## [ABOUT THIS TASK]
Your task is to restate word for word the lines in the material below, from the one with "Pour lire la" up to and including the one with "Slotted large raised". Do not carry over the pictures.

## [DATA RECORDS]
=-=-=

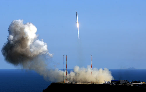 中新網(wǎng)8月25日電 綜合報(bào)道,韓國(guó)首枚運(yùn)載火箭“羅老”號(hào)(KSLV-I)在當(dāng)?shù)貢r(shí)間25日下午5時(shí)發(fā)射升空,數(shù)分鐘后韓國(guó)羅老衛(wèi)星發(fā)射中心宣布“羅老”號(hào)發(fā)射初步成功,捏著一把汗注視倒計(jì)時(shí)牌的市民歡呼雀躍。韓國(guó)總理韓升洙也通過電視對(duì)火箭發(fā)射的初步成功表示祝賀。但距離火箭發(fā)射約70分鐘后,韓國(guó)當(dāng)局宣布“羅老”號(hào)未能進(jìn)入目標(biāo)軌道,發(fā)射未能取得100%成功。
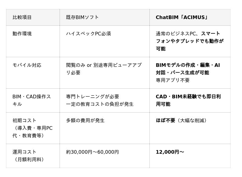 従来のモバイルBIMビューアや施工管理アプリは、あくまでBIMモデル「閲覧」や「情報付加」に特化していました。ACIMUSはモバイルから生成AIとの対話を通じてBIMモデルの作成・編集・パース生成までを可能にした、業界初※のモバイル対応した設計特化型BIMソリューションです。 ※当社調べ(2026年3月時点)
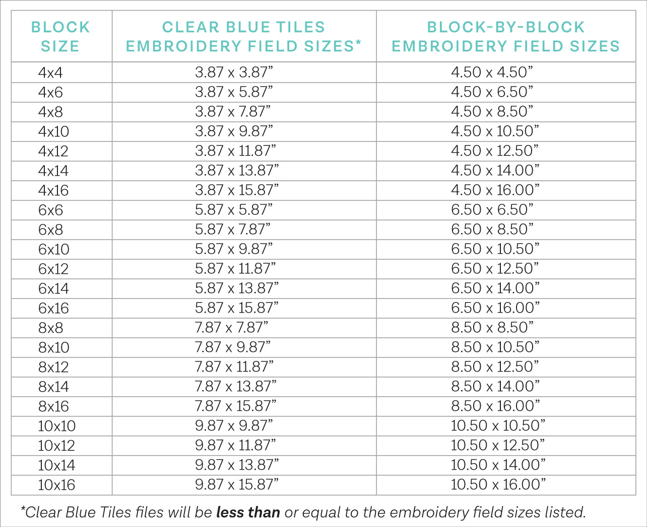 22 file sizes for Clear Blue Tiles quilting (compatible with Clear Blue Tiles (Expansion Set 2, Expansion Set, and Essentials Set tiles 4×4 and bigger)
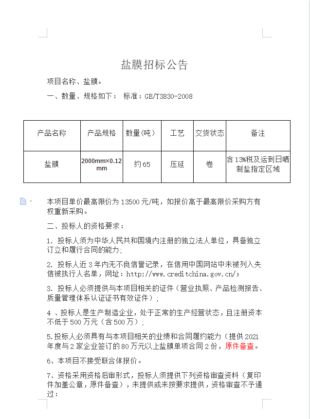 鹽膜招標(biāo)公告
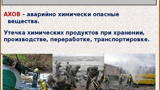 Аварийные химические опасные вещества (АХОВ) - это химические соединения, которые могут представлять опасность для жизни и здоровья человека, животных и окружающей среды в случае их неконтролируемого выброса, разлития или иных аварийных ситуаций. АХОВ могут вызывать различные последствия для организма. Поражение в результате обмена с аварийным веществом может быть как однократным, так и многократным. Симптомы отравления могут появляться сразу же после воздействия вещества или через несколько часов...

=-=-=

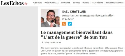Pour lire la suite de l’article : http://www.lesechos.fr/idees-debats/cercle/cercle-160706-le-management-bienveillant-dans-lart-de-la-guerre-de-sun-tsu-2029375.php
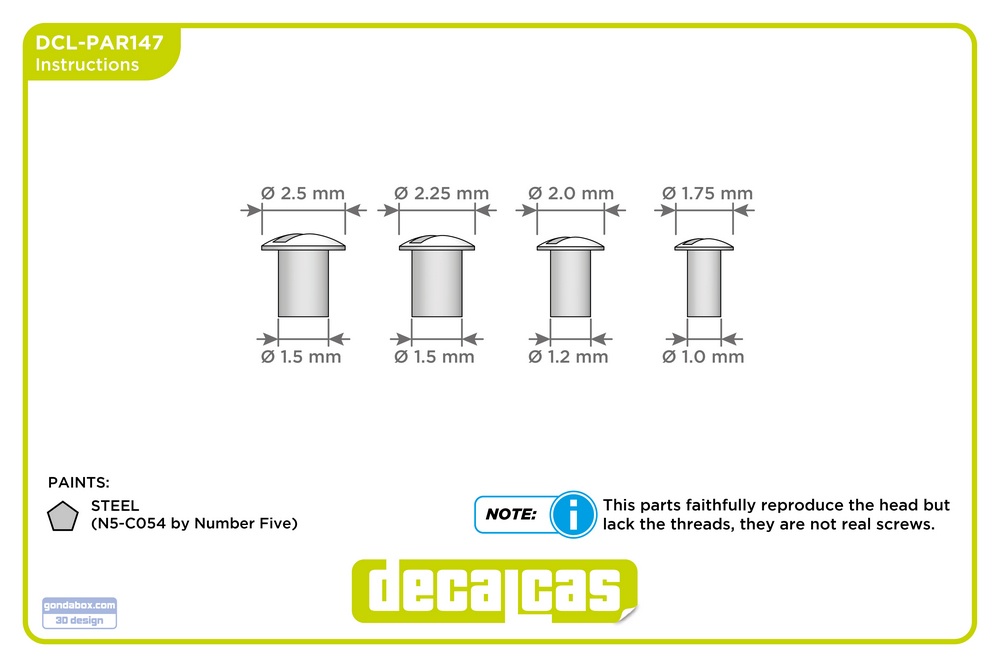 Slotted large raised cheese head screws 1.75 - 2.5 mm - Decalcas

=-=-=

## [RESULT OF THIS TASK]
Pour lire la suite de l’article : http://www.lesechos.fr/idees-debats/cercle/cercle-160706-le-management-bienveillant-dans-lart-de-la-guerre-de-sun-tsu-2029375.php
 Slotted large raised cheese head screws 1.75 - 2.5 mm - Decalcas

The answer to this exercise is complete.